What It’s Like To Stay in a Hostel
I began my backpacking trip by staying at places through Airbnb, but it quickly became evident to me that that is not a cheap way to travel. So when I got to Europe, I decided to stay in hostels, not knowing what to expect. I was afraid of the places being sleazy and dirty, but also looking forward to meeting interesting people and hoping to maybe encounter some new friends.
The one thing that hostels have on top of hotels or even Airbnb is that all the people that you meet are people who are familiar with travel. You get less of the awe and you feel less ostracized by society; you are finally around people who GET IT. This means that you feel more validated in your life choices to be homeless and jobless and inclined to wander. In a hostel, these are all okay things to be.
However, there are good hostels and not so great hostels, so it is important to read the reviews. The first place I chose had great wifi, but it also had several creepy dudes, dirty bathrooms, and stuffy bedrooms. The second place I stayed at was full of light and was much cleaner.
Generally, check in is in the afternoon, with the option to store your luggage while you wait for check-in. I have found staff to be helpful and gregarious in most locations, and they typically can point you out a good place to eat. I suggest you choose a hostel with a grocery store or two nearby, as eating out all the time will eat your wallet.
When you check in, you pay up front for the total number of days you are staying. It is not always possible to spend the whole of your trip in one hostel due to availability, but a bigger city should have more than enough options for stay. You pay extra money for your key, that you get back when you return the key at check out. Then you go to your room and choose your bunk!

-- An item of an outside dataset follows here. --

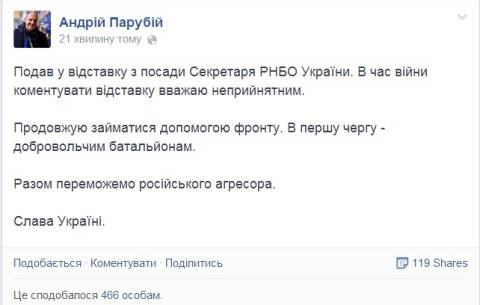 Президент Петро Порошенко прийняв відставку Парубія, написав у своєму Twitter прес-секретар глави держави Святослав Цеголко.

I like the bottom bunk because I wake up early and I hate to shake the whole bed trying to come down in the morning, thus disturbing my hostel-mate.
There are clean sheets for your use, but I personally like to bring my sleeping bag when I travel. It smells like home, it’s comfortable, and I just sleep better knowing that I’m the only person to have slept in my bag. Basically it’s my security blanket, but that’s a separate article.
Some hostels have laundry facilities and full kitchens and others do not. I personally recommend places with laundry options, as I know from personal experience that running out of underwear isn’t fun.
Otherwise, all hostels have areas to hang out, and this may be your best time to meet new and interesting people! Always the first question is, “where are you from?”